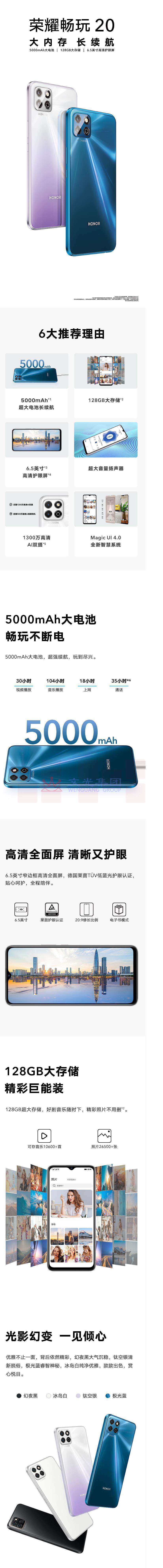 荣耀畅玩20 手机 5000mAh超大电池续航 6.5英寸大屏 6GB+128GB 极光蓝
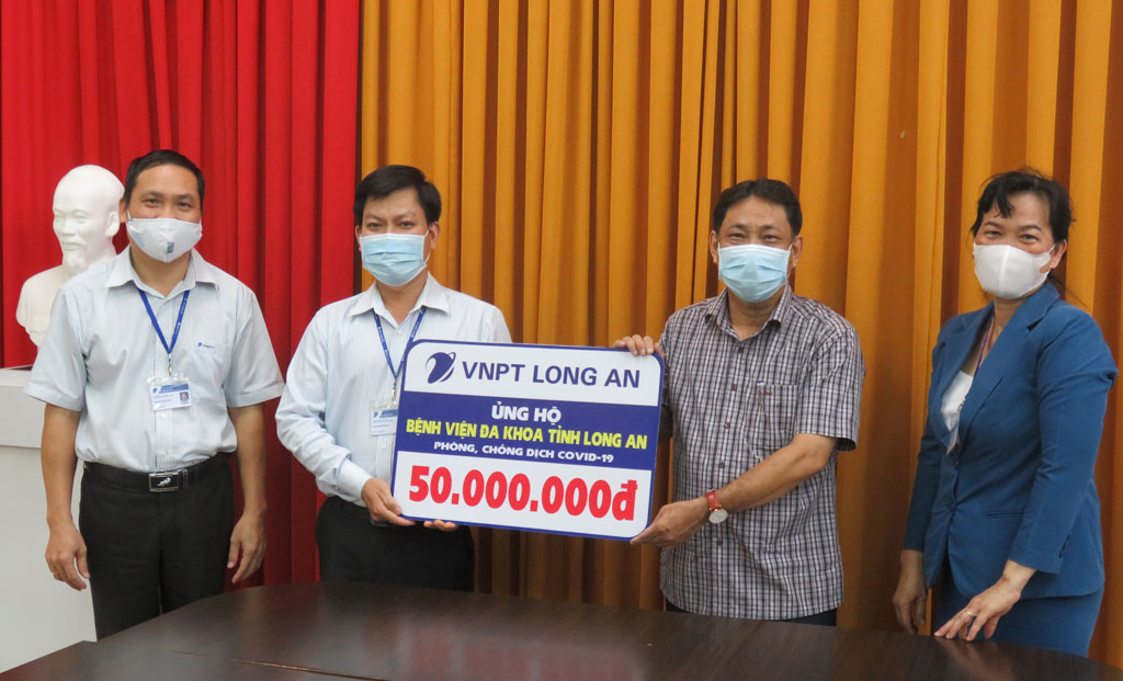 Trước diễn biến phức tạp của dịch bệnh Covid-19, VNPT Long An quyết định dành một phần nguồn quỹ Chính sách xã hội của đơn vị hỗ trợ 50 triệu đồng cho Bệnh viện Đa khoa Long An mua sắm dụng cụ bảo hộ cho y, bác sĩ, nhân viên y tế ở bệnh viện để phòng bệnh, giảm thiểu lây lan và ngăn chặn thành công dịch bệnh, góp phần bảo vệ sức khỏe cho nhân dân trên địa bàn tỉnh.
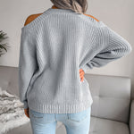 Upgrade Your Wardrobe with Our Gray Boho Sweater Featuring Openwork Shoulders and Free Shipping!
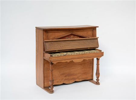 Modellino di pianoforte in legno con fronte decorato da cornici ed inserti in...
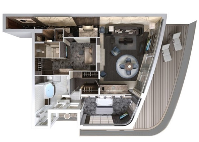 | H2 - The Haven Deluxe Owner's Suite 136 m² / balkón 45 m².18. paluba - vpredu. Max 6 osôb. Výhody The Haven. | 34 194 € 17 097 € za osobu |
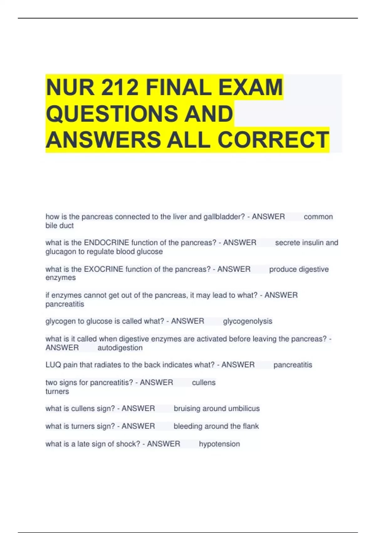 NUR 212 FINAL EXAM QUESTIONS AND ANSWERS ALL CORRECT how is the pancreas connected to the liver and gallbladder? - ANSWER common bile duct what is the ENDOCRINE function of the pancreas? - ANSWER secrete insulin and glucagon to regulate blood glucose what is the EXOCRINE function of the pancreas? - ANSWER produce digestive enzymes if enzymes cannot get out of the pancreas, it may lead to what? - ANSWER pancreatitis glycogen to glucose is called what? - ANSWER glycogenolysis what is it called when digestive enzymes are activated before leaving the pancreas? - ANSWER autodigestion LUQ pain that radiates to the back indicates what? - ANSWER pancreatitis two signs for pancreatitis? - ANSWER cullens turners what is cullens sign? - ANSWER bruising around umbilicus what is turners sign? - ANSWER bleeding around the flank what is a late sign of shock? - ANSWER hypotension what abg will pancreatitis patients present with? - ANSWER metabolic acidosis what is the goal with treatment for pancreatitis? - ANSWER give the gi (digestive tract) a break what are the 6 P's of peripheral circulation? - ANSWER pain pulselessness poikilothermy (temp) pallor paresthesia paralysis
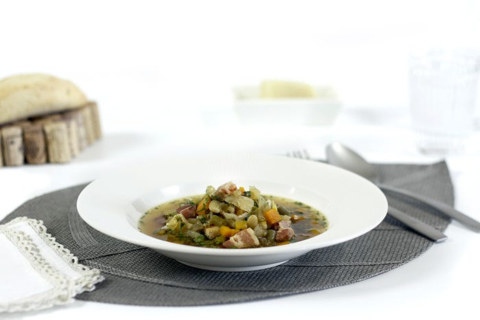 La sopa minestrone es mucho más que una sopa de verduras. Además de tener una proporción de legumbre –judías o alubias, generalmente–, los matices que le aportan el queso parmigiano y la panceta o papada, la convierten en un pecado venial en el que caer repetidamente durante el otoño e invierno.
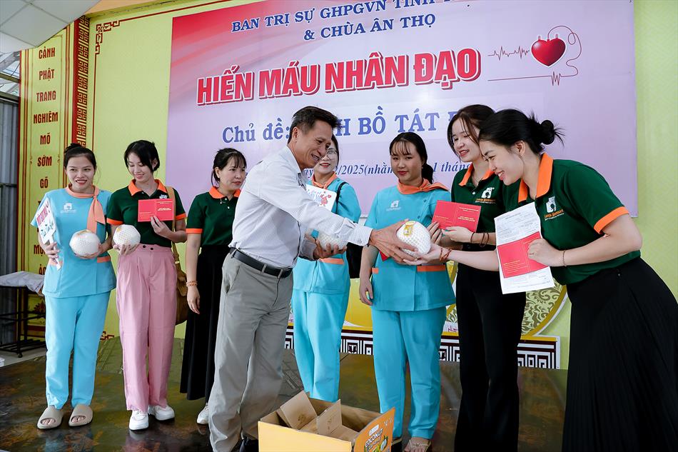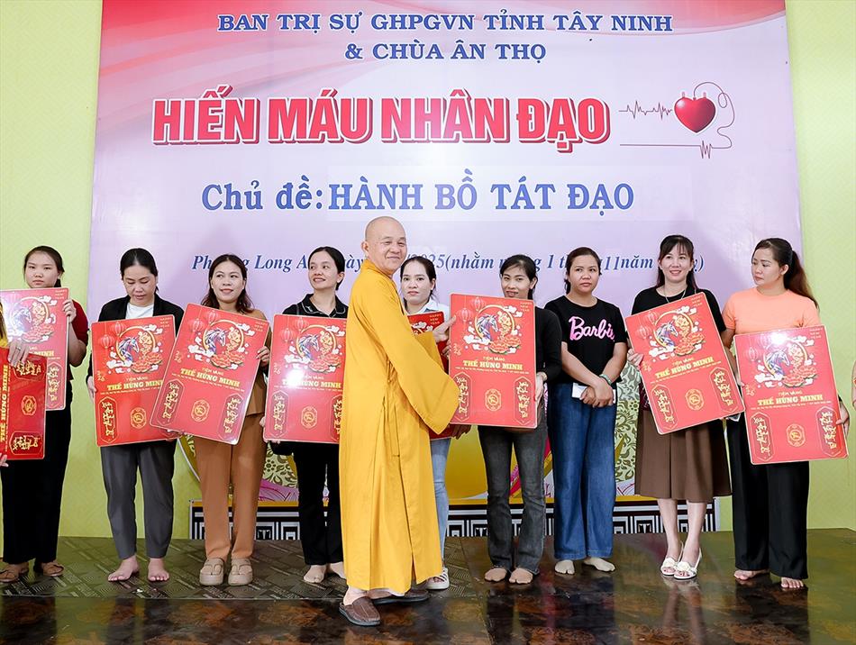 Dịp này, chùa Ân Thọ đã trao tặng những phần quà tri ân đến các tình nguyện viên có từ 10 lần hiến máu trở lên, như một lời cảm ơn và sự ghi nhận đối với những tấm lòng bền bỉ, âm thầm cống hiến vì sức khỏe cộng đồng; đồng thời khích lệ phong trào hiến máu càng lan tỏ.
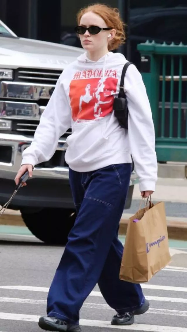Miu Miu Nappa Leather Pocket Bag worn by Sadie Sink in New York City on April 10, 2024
* * *
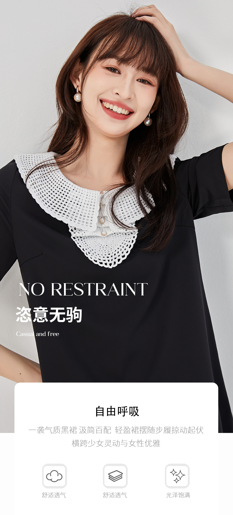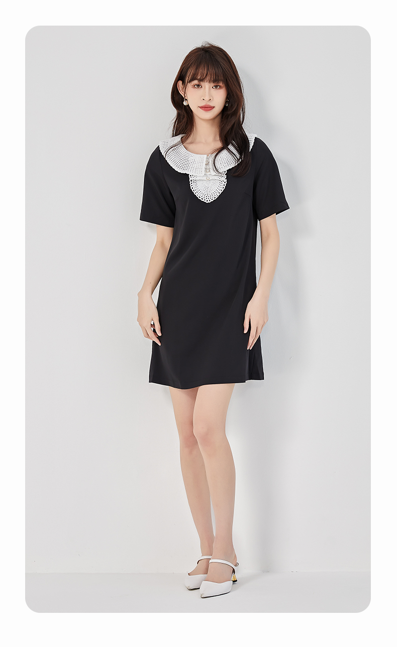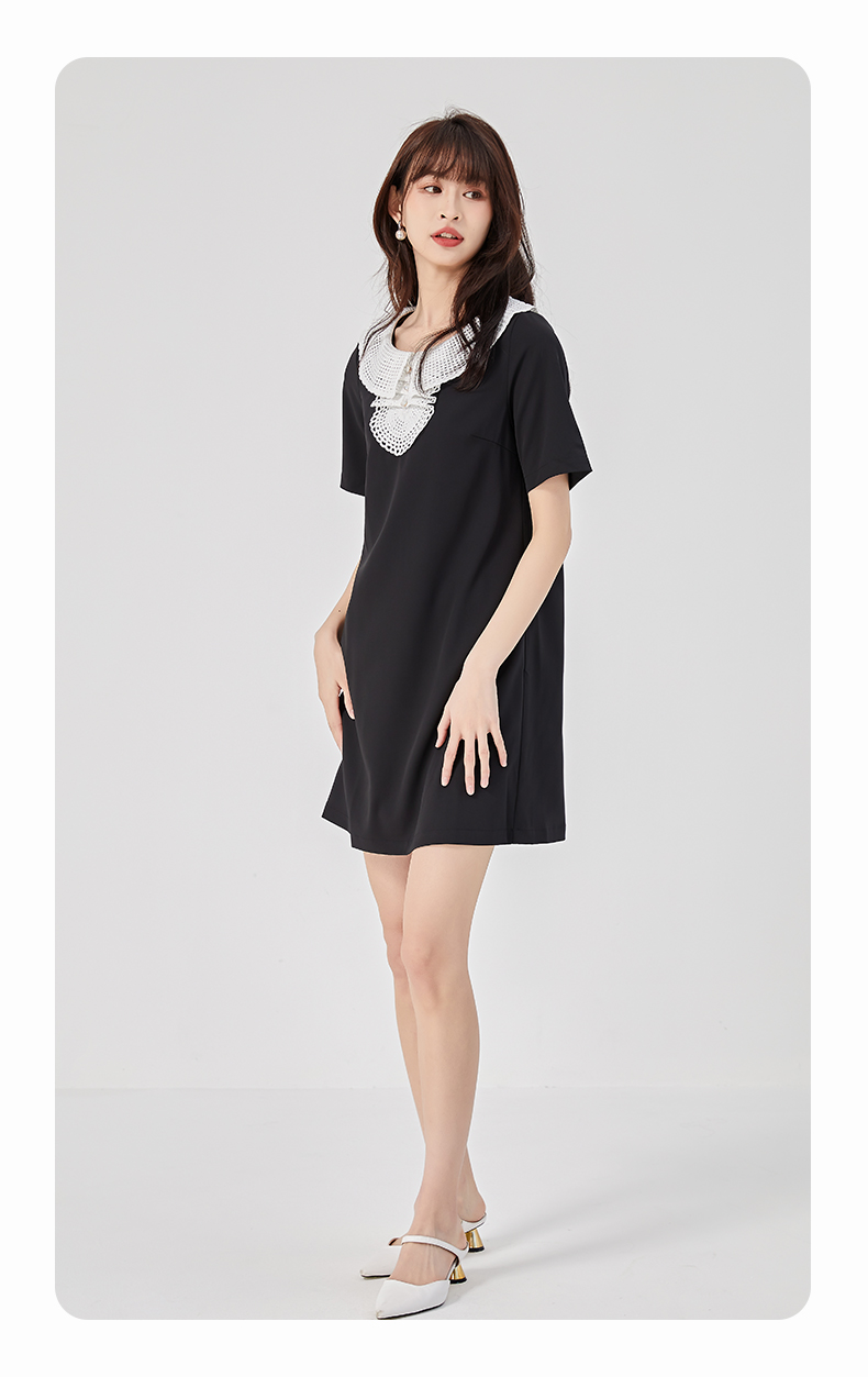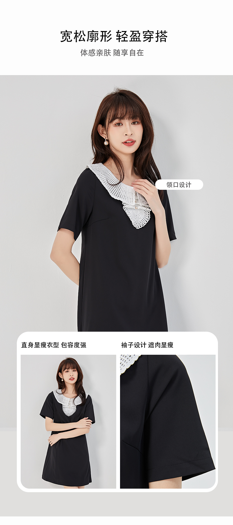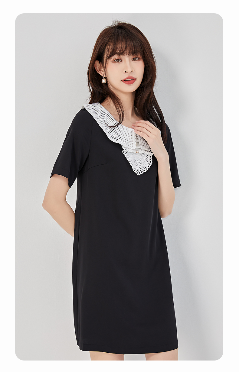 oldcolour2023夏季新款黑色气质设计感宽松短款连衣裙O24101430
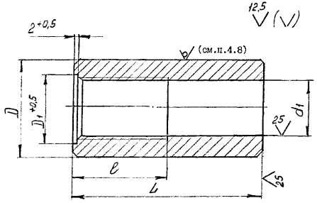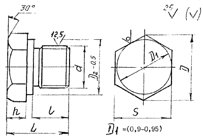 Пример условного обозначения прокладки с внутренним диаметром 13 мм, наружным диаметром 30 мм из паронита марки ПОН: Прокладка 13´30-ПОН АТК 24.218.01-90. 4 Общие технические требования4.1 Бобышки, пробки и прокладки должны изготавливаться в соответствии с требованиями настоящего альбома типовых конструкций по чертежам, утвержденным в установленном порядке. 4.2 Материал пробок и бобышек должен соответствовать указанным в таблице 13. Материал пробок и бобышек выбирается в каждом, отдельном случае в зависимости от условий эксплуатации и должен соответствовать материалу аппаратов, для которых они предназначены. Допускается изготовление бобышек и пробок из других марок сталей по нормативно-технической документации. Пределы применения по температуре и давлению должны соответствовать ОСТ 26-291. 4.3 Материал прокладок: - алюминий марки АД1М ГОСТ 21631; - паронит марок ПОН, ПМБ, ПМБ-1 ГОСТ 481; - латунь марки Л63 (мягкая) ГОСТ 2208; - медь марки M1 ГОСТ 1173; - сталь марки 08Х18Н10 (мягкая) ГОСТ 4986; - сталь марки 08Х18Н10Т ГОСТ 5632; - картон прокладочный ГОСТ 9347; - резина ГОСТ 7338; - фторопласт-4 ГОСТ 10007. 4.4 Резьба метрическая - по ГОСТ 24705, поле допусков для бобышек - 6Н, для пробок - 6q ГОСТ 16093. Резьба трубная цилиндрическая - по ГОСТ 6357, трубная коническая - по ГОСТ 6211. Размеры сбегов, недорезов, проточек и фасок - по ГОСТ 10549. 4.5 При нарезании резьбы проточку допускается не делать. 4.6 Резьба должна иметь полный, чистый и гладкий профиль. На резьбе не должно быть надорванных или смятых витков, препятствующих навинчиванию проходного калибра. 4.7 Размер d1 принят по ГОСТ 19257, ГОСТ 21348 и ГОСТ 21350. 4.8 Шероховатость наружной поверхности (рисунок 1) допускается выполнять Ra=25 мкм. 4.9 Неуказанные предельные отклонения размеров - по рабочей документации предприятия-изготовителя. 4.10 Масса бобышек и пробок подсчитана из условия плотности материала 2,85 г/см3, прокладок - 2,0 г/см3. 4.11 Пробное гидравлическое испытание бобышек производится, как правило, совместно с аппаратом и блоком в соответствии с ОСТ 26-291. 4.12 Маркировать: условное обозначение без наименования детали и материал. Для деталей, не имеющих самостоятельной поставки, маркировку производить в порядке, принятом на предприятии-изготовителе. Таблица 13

WORK ORDER:
Nothing but the lines above from the line with "荣耀畅玩20 手机 5000mAh超大电池续航" up to and including the line with "Modellino di pianoforte" should be returned, exactly as written and without pictures.

RESPONSE BELOW:
 荣耀畅玩20 手机 5000mAh超大电池续航 6.5英寸大屏 6GB+128GB 极光蓝
 Trước diễn biến phức tạp của dịch bệnh Covid-19, VNPT Long An quyết định dành một phần nguồn quỹ Chính sách xã hội của đơn vị hỗ trợ 50 triệu đồng cho Bệnh viện Đa khoa Long An mua sắm dụng cụ bảo hộ cho y, bác sĩ, nhân viên y tế ở bệnh viện để phòng bệnh, giảm thiểu lây lan và ngăn chặn thành công dịch bệnh, góp phần bảo vệ sức khỏe cho nhân dân trên địa bàn tỉnh.
 Upgrade Your Wardrobe with Our Gray Boho Sweater Featuring Openwork Shoulders and Free Shipping!
 Modellino di pianoforte in legno con fronte decorato da cornici ed inserti in...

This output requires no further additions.